## Your instructions
Only one span of the listing below should come back. It runs from the line with "ギプスサンダル シューズ ギブス" through the line with "Open the Biopsy", and each of its lines must be reproduced exactly.

## Extracted data
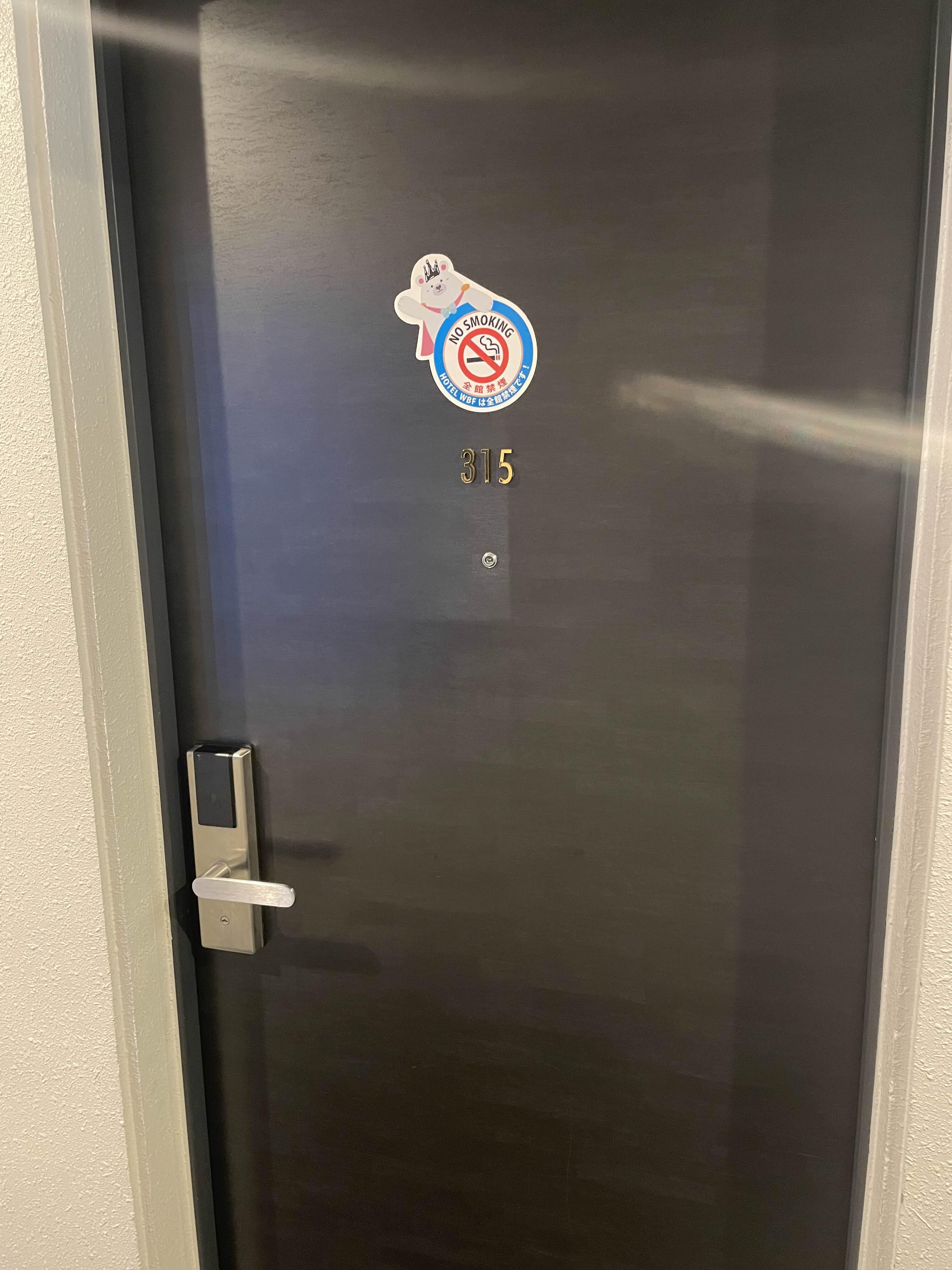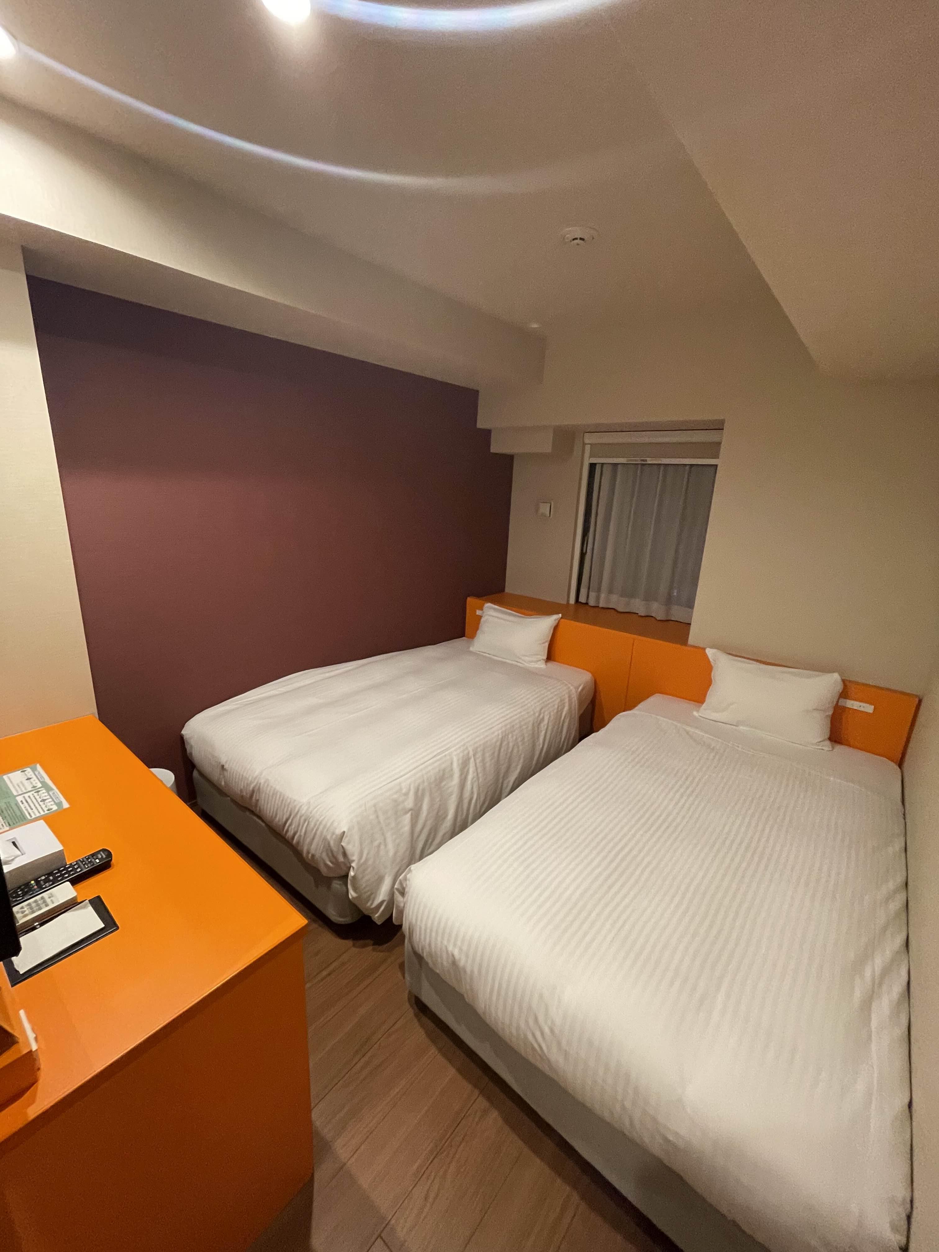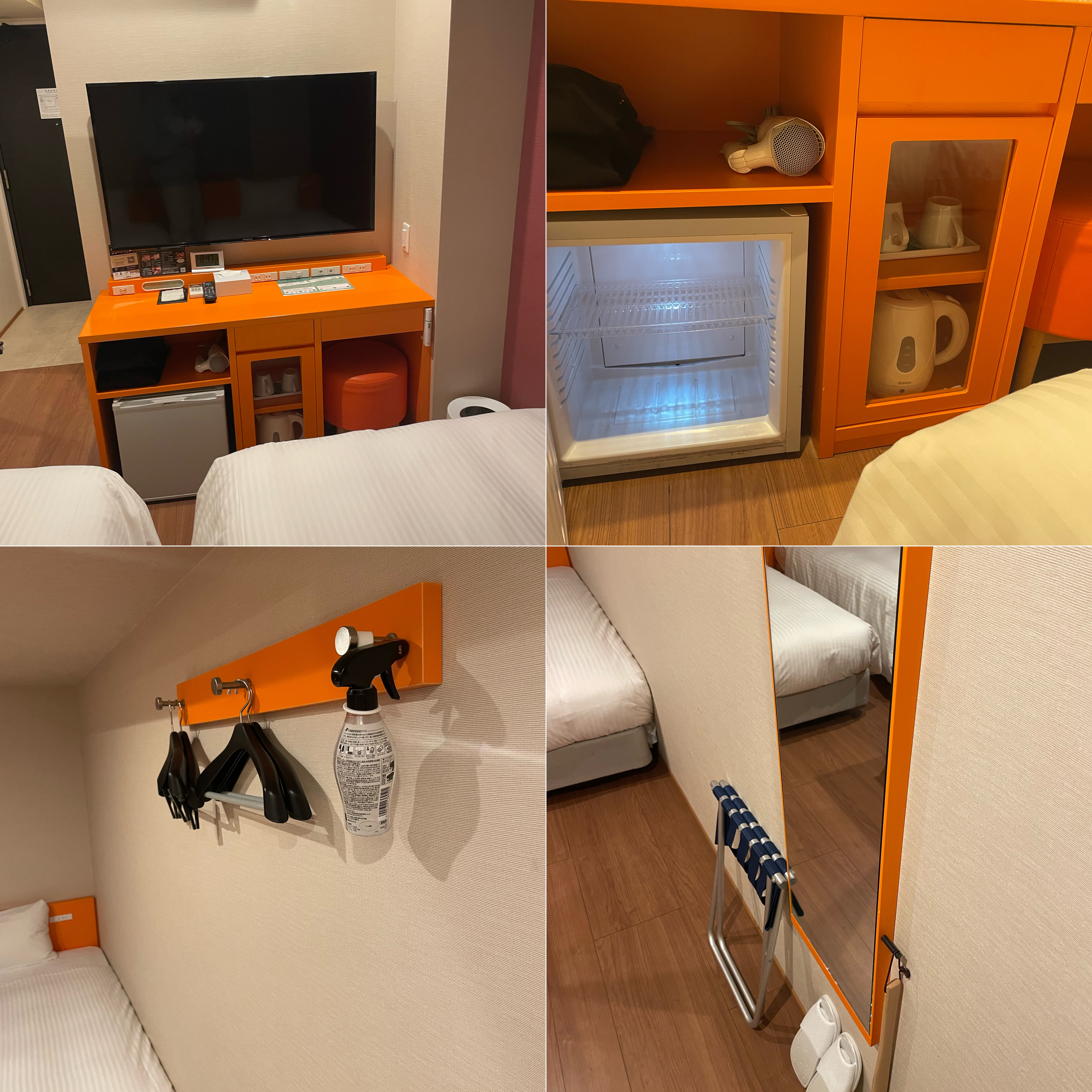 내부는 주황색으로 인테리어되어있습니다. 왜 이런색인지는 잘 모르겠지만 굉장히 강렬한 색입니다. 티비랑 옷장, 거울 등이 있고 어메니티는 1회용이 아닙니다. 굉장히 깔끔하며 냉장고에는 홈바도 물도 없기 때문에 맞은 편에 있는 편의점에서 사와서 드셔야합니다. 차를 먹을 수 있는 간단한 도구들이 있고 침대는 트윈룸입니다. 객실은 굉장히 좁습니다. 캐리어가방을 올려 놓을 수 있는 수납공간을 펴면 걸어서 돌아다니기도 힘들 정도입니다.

--

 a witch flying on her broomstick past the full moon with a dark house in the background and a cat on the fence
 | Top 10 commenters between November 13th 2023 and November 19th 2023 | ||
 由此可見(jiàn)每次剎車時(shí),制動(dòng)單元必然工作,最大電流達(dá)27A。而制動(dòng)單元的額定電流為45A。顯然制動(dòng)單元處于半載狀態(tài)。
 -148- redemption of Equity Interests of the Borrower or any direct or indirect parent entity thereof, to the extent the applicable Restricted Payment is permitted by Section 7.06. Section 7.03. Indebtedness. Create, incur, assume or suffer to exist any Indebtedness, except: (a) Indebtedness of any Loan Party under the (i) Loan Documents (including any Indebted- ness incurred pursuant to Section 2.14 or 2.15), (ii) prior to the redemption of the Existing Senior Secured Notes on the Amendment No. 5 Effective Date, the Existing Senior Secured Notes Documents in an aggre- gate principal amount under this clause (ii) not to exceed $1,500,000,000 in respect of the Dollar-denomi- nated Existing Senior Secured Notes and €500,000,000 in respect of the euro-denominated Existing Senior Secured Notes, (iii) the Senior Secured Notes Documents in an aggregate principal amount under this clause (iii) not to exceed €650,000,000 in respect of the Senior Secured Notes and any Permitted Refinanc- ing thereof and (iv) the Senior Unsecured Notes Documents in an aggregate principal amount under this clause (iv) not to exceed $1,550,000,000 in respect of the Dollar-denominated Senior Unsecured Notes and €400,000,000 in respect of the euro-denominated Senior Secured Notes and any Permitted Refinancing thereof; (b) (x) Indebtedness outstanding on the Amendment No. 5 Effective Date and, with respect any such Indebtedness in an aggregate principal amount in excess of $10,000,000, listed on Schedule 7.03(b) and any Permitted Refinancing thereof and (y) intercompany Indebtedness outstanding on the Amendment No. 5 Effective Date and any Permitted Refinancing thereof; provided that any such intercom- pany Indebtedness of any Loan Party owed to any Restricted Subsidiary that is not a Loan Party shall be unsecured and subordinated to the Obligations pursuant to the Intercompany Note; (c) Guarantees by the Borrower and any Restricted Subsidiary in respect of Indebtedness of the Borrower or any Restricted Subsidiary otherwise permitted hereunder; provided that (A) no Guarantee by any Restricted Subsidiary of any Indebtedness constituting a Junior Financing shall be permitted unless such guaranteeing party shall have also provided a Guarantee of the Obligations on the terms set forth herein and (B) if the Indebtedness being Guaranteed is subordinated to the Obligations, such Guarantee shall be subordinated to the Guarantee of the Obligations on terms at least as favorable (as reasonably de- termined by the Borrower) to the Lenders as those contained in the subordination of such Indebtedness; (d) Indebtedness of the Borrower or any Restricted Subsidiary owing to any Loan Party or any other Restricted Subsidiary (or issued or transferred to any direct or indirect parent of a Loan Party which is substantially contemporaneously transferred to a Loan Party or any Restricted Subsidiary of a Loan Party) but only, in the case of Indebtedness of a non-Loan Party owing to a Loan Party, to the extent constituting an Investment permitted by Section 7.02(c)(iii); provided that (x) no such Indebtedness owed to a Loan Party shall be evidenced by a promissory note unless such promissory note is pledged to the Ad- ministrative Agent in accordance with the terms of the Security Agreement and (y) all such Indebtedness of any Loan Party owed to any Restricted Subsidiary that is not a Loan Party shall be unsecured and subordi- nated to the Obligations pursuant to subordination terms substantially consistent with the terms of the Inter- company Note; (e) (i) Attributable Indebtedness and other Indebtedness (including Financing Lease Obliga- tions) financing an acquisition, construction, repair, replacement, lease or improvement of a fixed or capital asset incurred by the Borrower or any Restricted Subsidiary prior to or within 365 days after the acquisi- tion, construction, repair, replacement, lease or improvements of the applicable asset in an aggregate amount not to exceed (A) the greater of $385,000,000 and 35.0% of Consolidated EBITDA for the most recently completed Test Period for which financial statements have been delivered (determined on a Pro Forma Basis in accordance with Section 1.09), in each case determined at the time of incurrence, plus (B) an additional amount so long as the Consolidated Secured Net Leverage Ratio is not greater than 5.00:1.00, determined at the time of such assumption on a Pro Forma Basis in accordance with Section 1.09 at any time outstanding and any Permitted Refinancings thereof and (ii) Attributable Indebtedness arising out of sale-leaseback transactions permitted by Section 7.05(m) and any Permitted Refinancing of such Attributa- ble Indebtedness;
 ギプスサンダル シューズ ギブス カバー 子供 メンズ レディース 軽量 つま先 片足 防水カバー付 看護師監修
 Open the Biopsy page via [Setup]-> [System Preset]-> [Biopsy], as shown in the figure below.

...

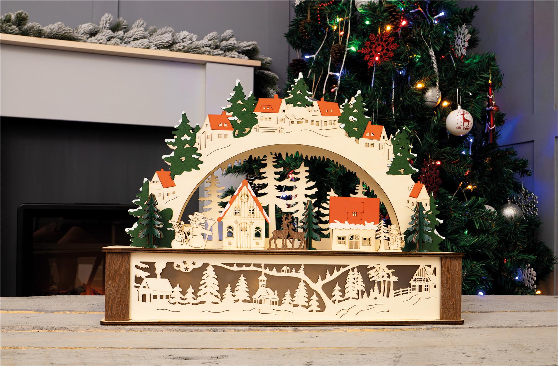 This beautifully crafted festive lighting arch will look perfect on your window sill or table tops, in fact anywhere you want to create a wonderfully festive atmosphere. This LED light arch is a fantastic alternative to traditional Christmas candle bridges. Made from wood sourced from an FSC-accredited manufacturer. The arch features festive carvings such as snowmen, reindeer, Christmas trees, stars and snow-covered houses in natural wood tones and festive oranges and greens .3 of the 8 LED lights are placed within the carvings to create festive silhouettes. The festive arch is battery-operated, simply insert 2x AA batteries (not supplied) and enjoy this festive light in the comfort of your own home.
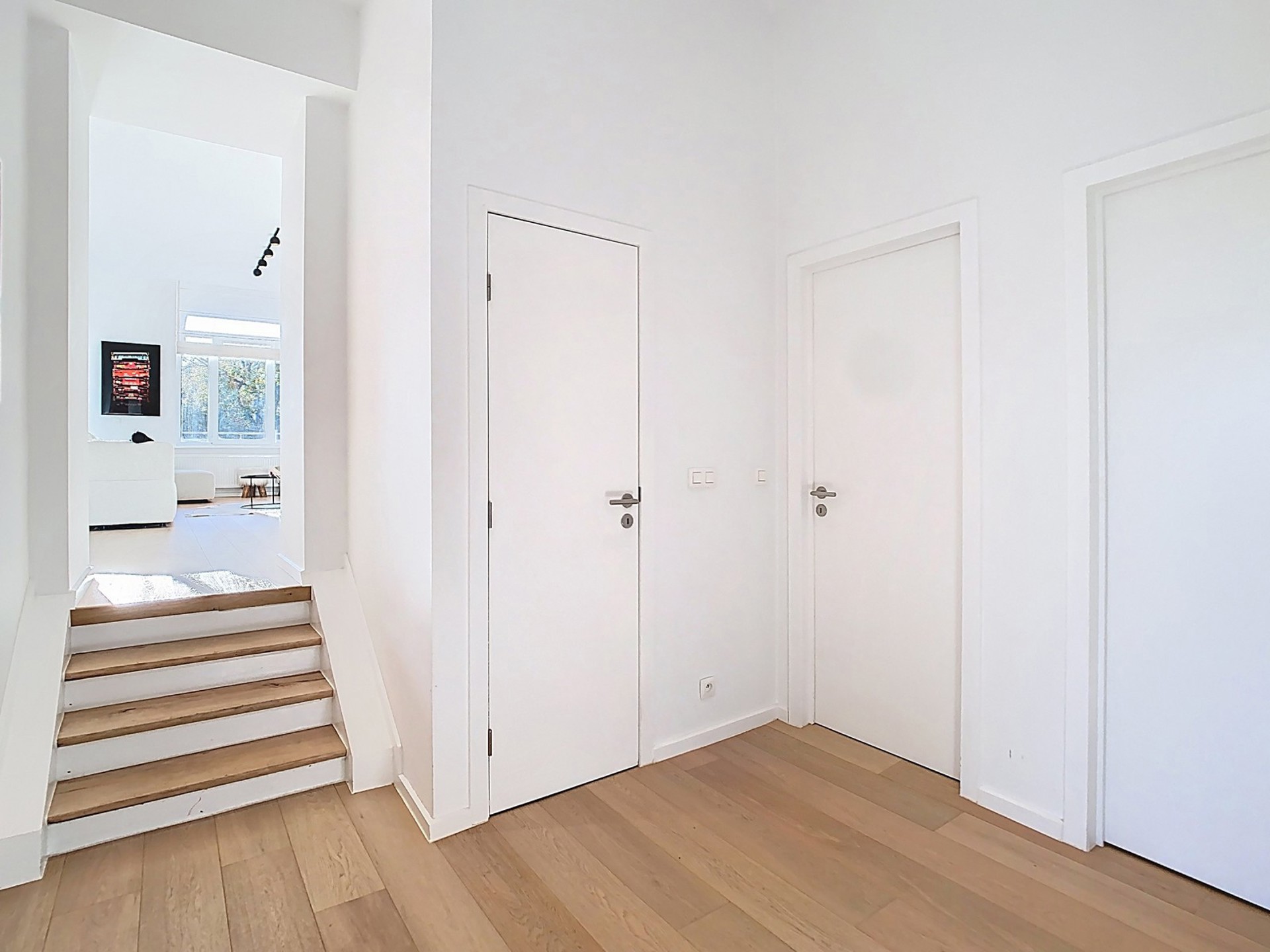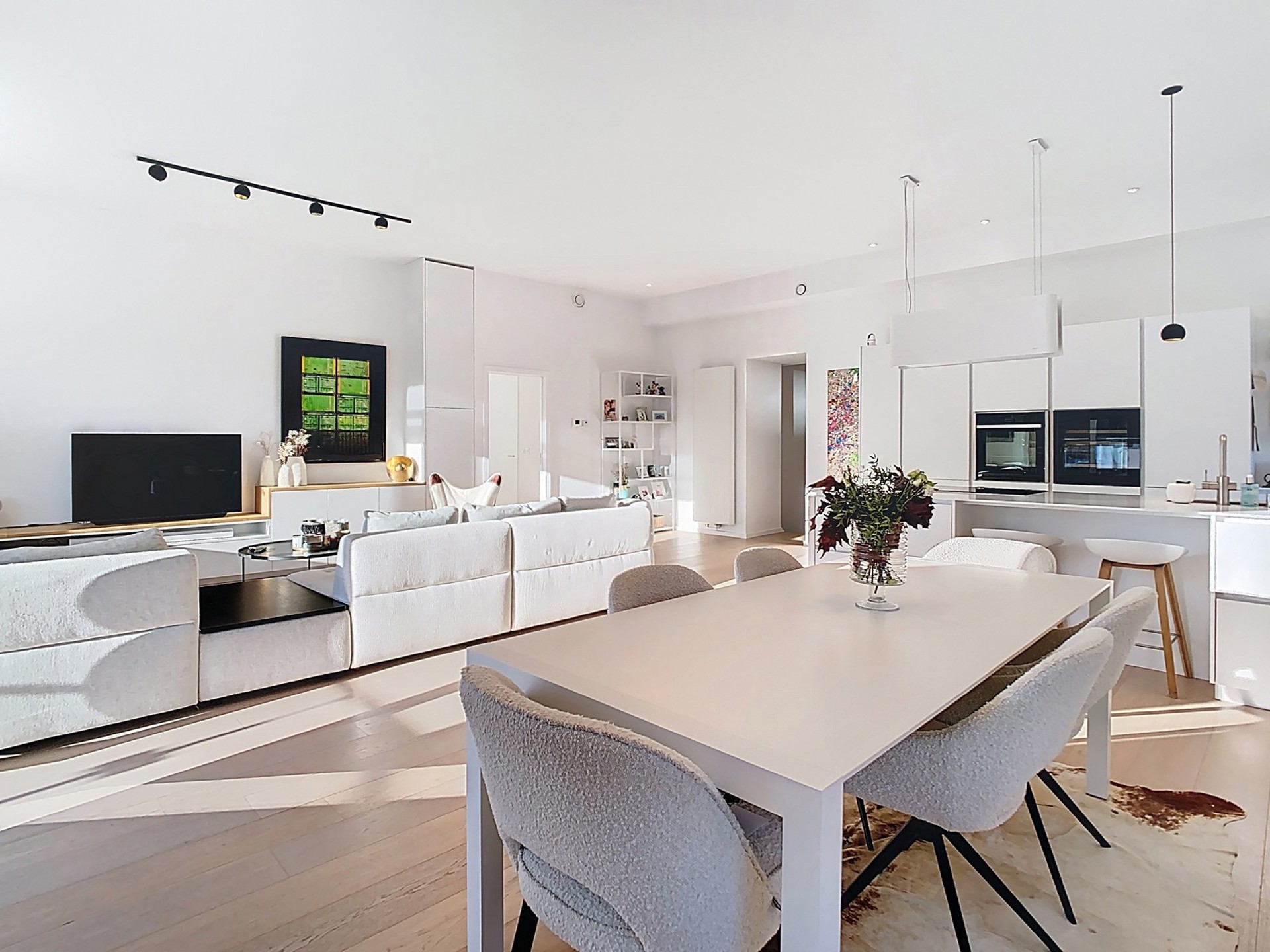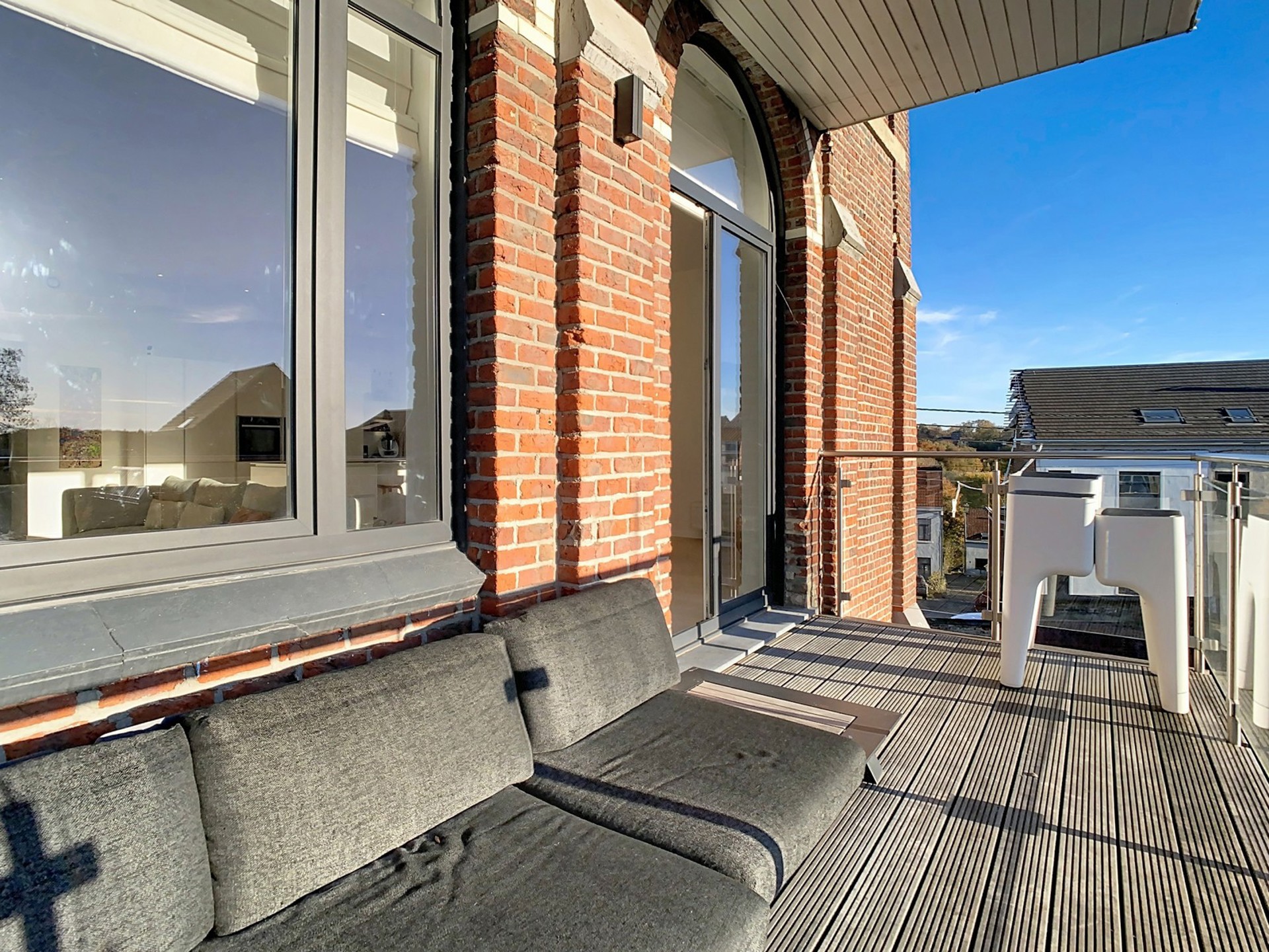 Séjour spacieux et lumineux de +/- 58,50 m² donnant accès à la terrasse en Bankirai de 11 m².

## Answer for the task
 ギプスサンダル シューズ ギブス カバー 子供 メンズ レディース 軽量 つま先 片足 防水カバー付 看護師監修
 Open the Biopsy page via [Setup]-> [System Preset]-> [Biopsy], as shown in the figure below.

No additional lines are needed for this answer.